Pictures do not belong in the copy; quote every entry below exactly.

----- Source records -----

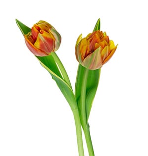 Additional notes: Tulips are very phototropic and will curve rapidly toward the light. Designers must allow for this in creating a floral design as well as the fact that cut tulips continue to grow in length approximately one inch per day. The name tulip comes from the Turkish for turban, referring to the shape of the flower bud; although native to that area of the world, tulips are now grown throughout the world. Many people associate them with Holland: "Tulips from Amsterdam," as the song goes. But even before a European envoy found them in the ornamental gardens of a Turkish sultan, they were popular with the Indian shahs. They were originally native to Turkey, Iran, Syria and parts of Asia and have been cultivated in Europe since the 16th century. It was the Dutch who began to breed them in 1593 and by 1633 the Dutch upper classes were gripped by "Tulip Mania," the frenzied trading in tulip bulbs. Prized tulip bulbs were selling for astronomical prices. Fortunes were made in trading tulip futures (primarily by tulip bulb merchants), and fortunes were lost. As in so many "hot stock markets" (dot.com comes to mind), buyers eventually realized that a tulip bulb was just a tulip bulb. There is an enormous range of colors and shapes, from double tulips, which resemble roses, to lily-flowered ones with elegant pointed petals and the wonderful fringed or contorted two- or three-toned parrot tulips. Research has shown that people see tulips as sophisticated and stylish. They like them to curve towards the light, for tulips continue to grow strongly after cutting. Some like them bold and upright and, for this, a light source above the flower heads will do the trick. Certainly, their strong form suits modern interiors very well and mixed with other flowers, they bring focus to informal and hand-tied bouquets. The tulip never goes out of fashion; it is merely displayed in different ways in different eras.
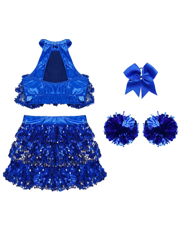 The crop top with sleeveless, shiny sequins mesh tiered style, hollow back design.
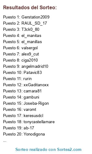 Lista de participantes: ab-17, dpa10, valsergol, franciske, tavins2000, haitower, sephirot, camara81, sarpo, angelmadrid10, T3ck0_80, Patavic83, hardtechno_bpm, ciga2010, RAUL_SD_17, el_manillas, el_manitas, tonycastellamare, x-xXADRI21Xx-x, alex9_cut, keresusdcl, gambuni, Gerstation2009, Conguete, Joseba-Rigon, cris21linero, isma_cr, rurin, Yonodigona, varomt, xxGaditanoxx, Borjaoli.
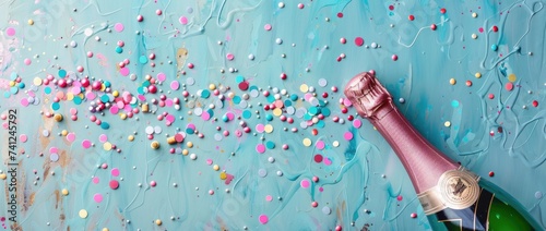 Opened champagne bottle with glitter and confetti. Festive background. top view
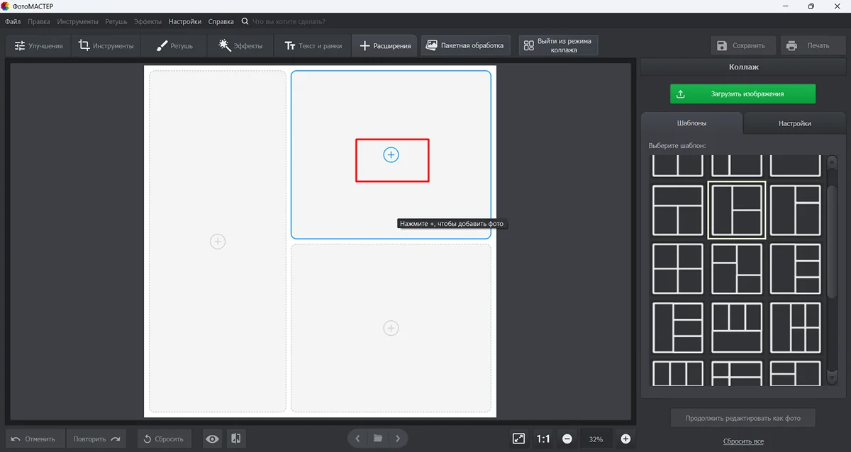 1. Перейдите в раздел Collage.
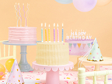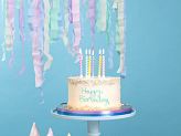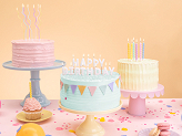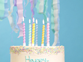 Bougies d'anniversaire Étoiles, couleurs pastels mélangées (jaune, rose, vert, bleu, orange, violet), hauteur environ 8.5 cm. Le set contient des bougies et des soucoupes.
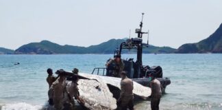 警方派員到西貢白腊灣將懷疑火箭碎片用快艇運走
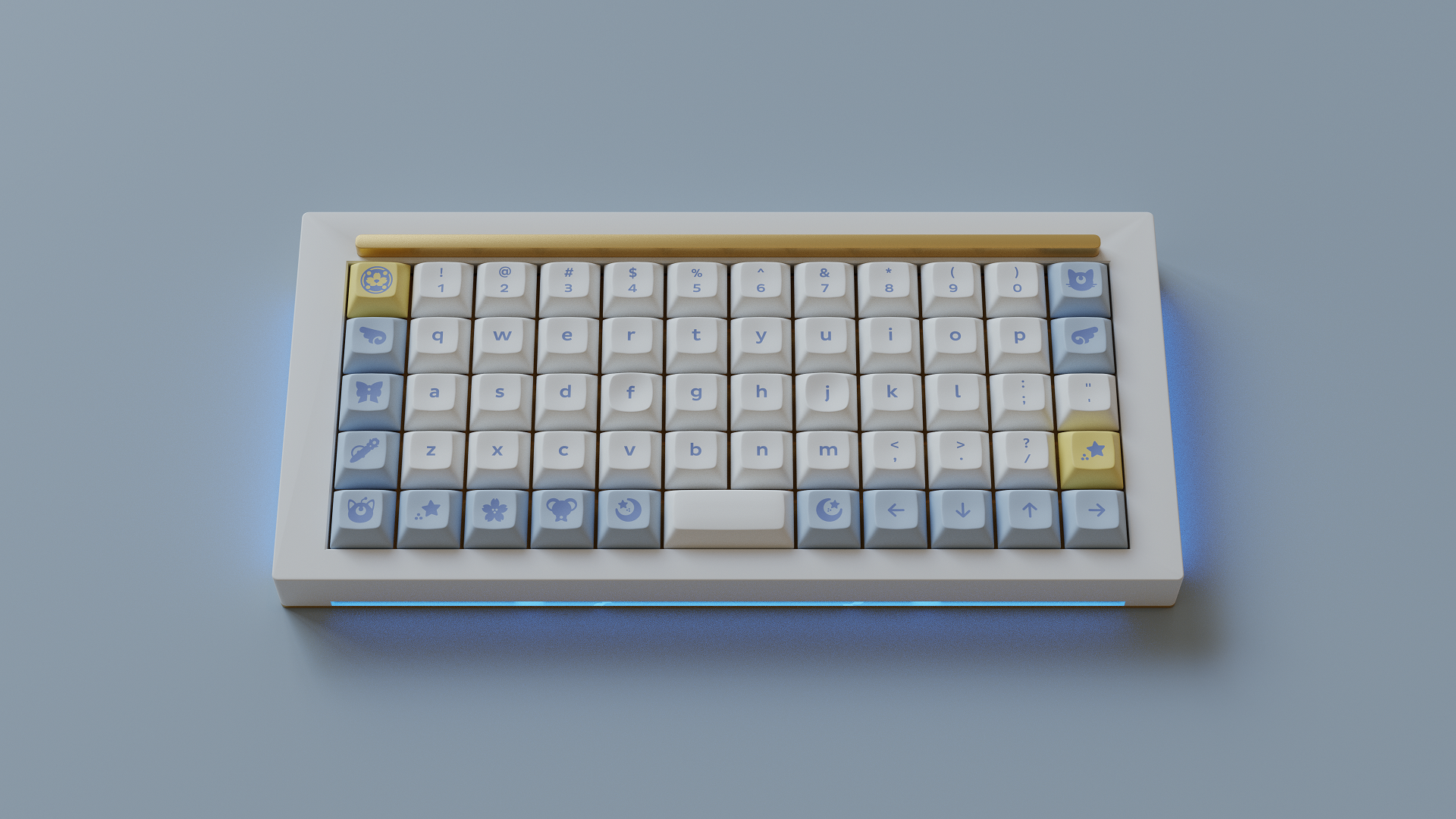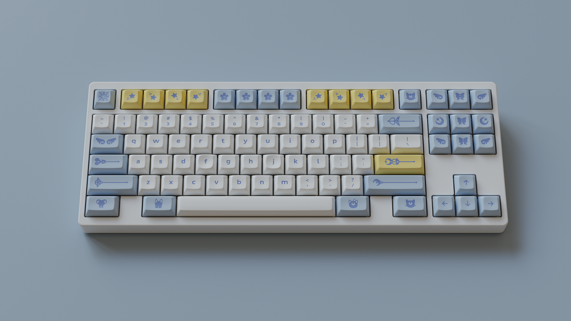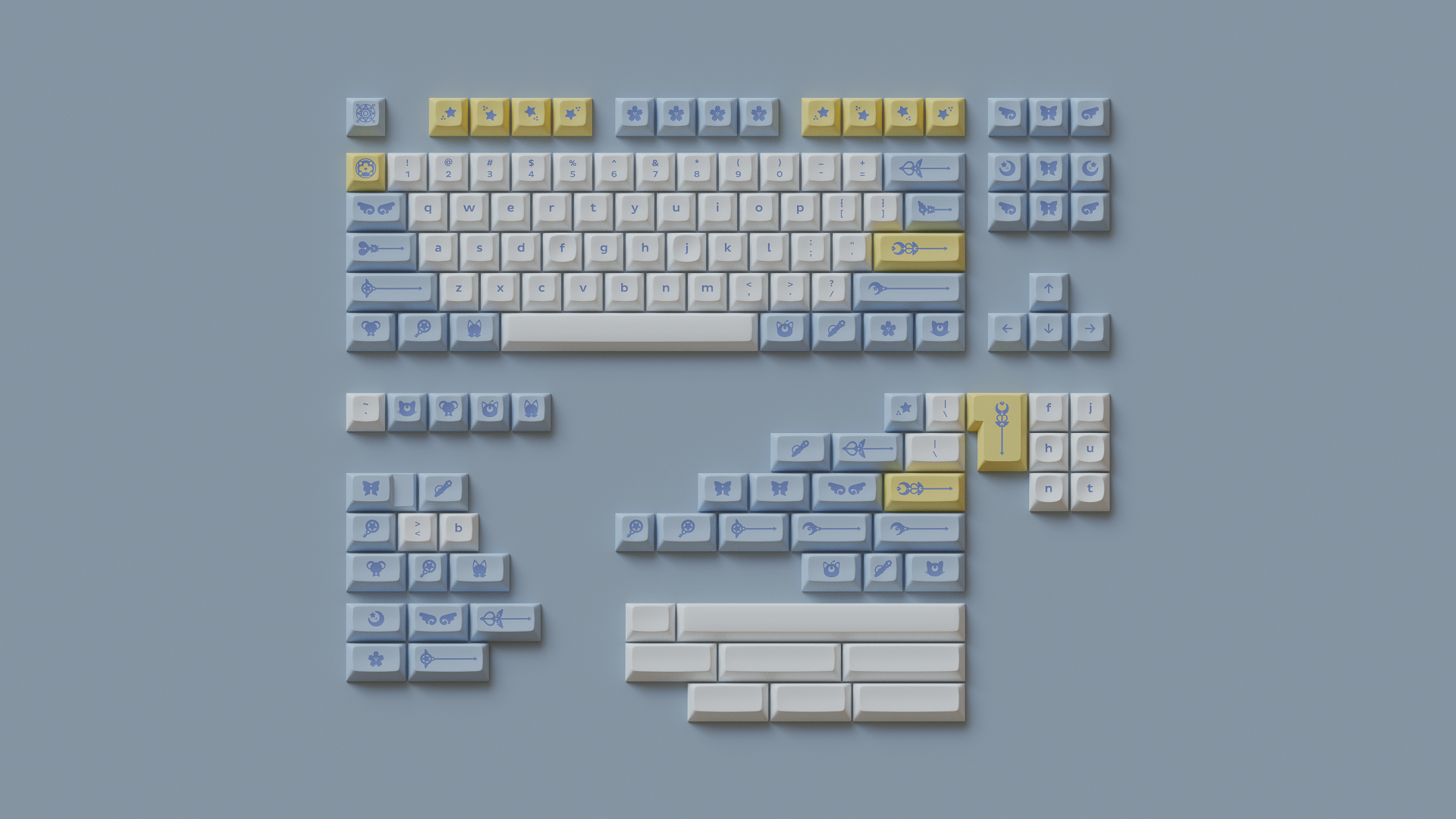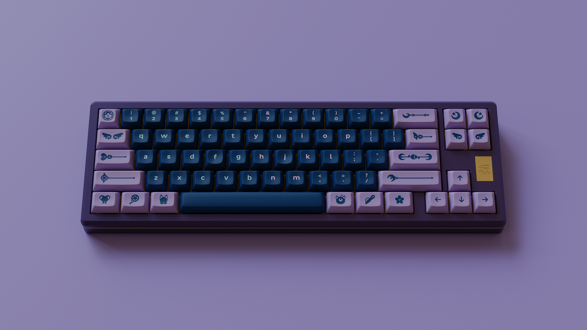 Magic Girl is a keycap set designed as a love letter to the iconic shoujo manga and anime of the 90s by Mintlodica. I created several 3D Visualizations for the set inspired by the soft, pastel colors of the set and of the era which it comes from. In order to display each variant of the set in one shot, I created a scene which accents the soft nature of the iconography and highlights the color identity seen in the set.
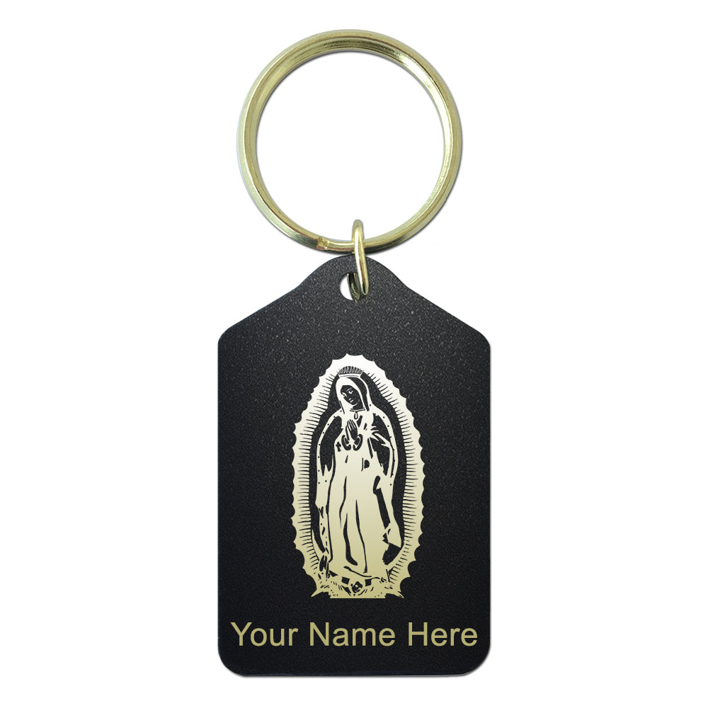 Black Metal Keychain, Virgen de Guadalupe, Personalized Engraving Included
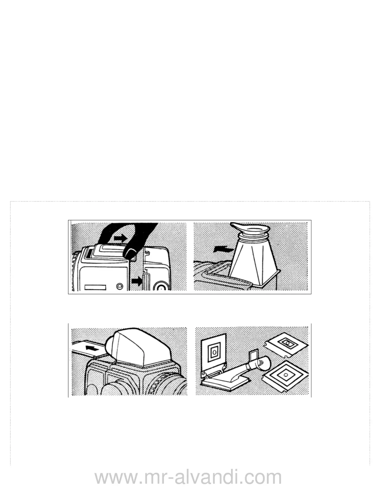 The ground glass adapter can be combined with the magnifying hood or the standard reflex hood of any of the other Hasselblad
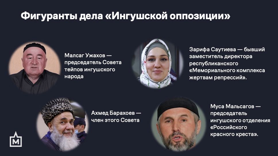 - Малсага Ужахова — председателя Совета тейпов ингушского народа;
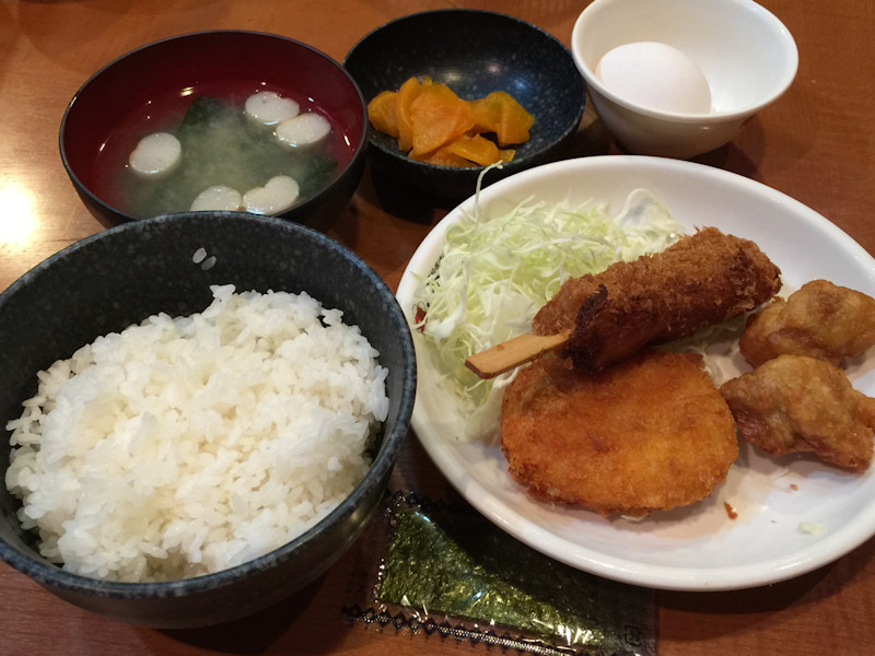 フライは若鶏の唐あげ、大きな牛肉コロッケ、串揚げで、どの揚げ物もホクホクの美味しさです。
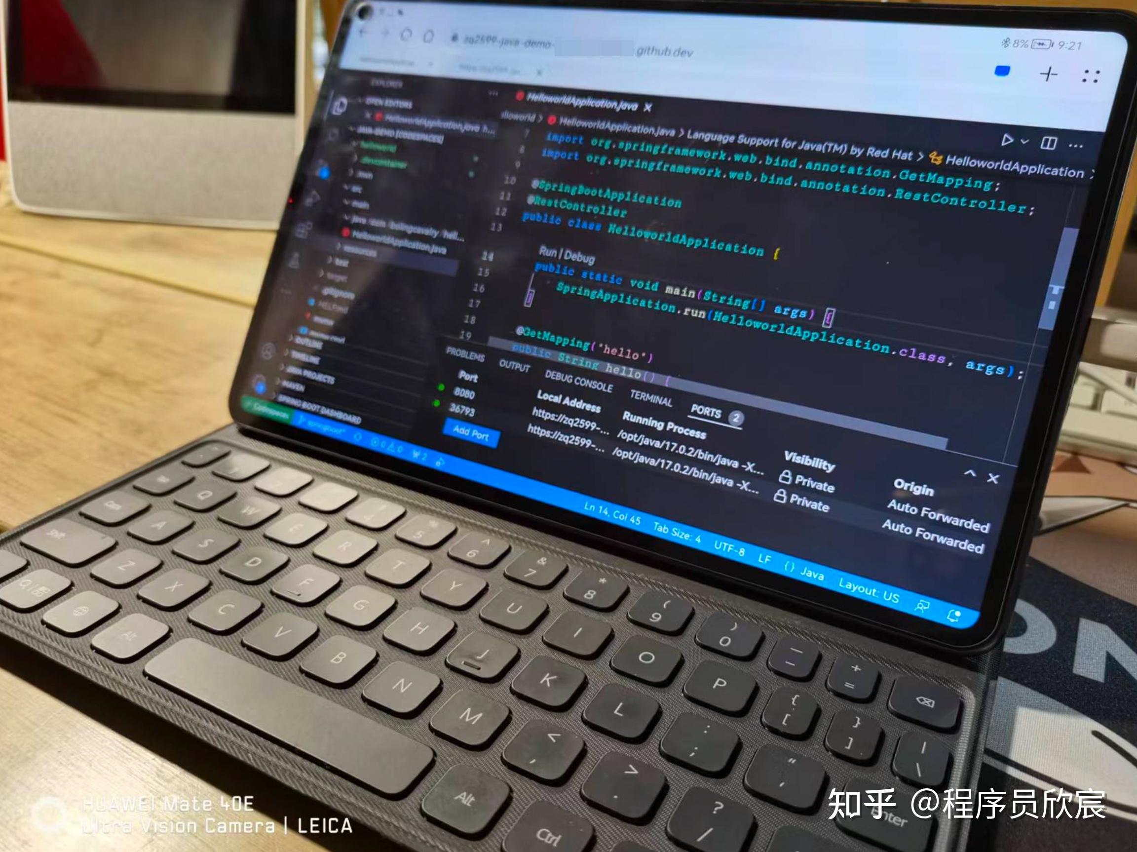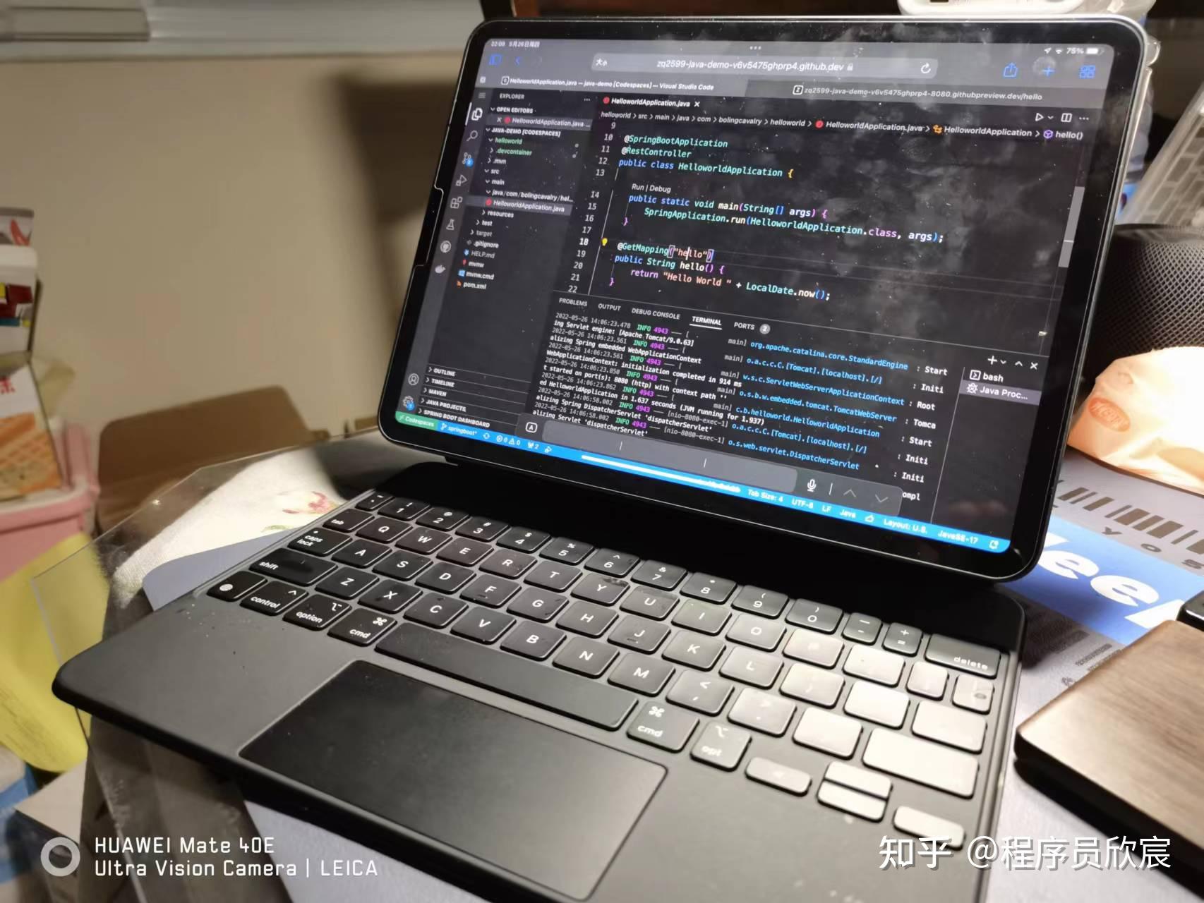可以用平板电脑在浏览器上写代码、运行代码,下图是在华为的MatePad Pro平板上编写SpringBoot应用的样子,看日志已经启动成功了

-----

**Written reply**
 Additional notes: Tulips are very phototropic and will curve rapidly toward the light. Designers must allow for this in creating a floral design as well as the fact that cut tulips continue to grow in length approximately one inch per day. The name tulip comes from the Turkish for turban, referring to the shape of the flower bud; although native to that area of the world, tulips are now grown throughout the world. Many people associate them with Holland: "Tulips from Amsterdam," as the song goes. But even before a European envoy found them in the ornamental gardens of a Turkish sultan, they were popular with the Indian shahs. They were originally native to Turkey, Iran, Syria and parts of Asia and have been cultivated in Europe since the 16th century. It was the Dutch who began to breed them in 1593 and by 1633 the Dutch upper classes were gripped by "Tulip Mania," the frenzied trading in tulip bulbs. Prized tulip bulbs were selling for astronomical prices. Fortunes were made in trading tulip futures (primarily by tulip bulb merchants), and fortunes were lost. As in so many "hot stock markets" (dot.com comes to mind), buyers eventually realized that a tulip bulb was just a tulip bulb. There is an enormous range of colors and shapes, from double tulips, which resemble roses, to lily-flowered ones with elegant pointed petals and the wonderful fringed or contorted two- or three-toned parrot tulips. Research has shown that people see tulips as sophisticated and stylish. They like them to curve towards the light, for tulips continue to grow strongly after cutting. Some like them bold and upright and, for this, a light source above the flower heads will do the trick. Certainly, their strong form suits modern interiors very well and mixed with other flowers, they bring focus to informal and hand-tied bouquets. The tulip never goes out of fashion; it is merely displayed in different ways in different eras.
 The crop top with sleeveless, shiny sequins mesh tiered style, hollow back design.
 Lista de participantes: ab-17, dpa10, valsergol, franciske, tavins2000, haitower, sephirot, camara81, sarpo, angelmadrid10, T3ck0_80, Patavic83, hardtechno_bpm, ciga2010, RAUL_SD_17, el_manillas, el_manitas, tonycastellamare, x-xXADRI21Xx-x, alex9_cut, keresusdcl, gambuni, Gerstation2009, Conguete, Joseba-Rigon, cris21linero, isma_cr, rurin, Yonodigona, varomt, xxGaditanoxx, Borjaoli.
 Opened champagne bottle with glitter and confetti. Festive background. top view
 1. Перейдите в раздел Collage.
 Bougies d'anniversaire Étoiles, couleurs pastels mélangées (jaune, rose, vert, bleu, orange, violet), hauteur environ 8.5 cm. Le set contient des bougies et des soucoupes.
 警方派員到西貢白腊灣將懷疑火箭碎片用快艇運走
 Magic Girl is a keycap set designed as a love letter to the iconic shoujo manga and anime of the 90s by Mintlodica. I created several 3D Visualizations for the set inspired by the soft, pastel colors of the set and of the era which it comes from. In order to display each variant of the set in one shot, I created a scene which accents the soft nature of the iconography and highlights the color identity seen in the set.
 Black Metal Keychain, Virgen de Guadalupe, Personalized Engraving Included
 The ground glass adapter can be combined with the magnifying hood or the standard reflex hood of any of the other Hasselblad
 - Малсага Ужахова — председателя Совета тейпов ингушского народа;
 フライは若鶏の唐あげ、大きな牛肉コロッケ、串揚げで、どの揚げ物もホクホクの美味しさです。
可以用平板电脑在浏览器上写代码、运行代码,下图是在华为的MatePad Pro平板上编写SpringBoot应用的样子,看日志已经启动成功了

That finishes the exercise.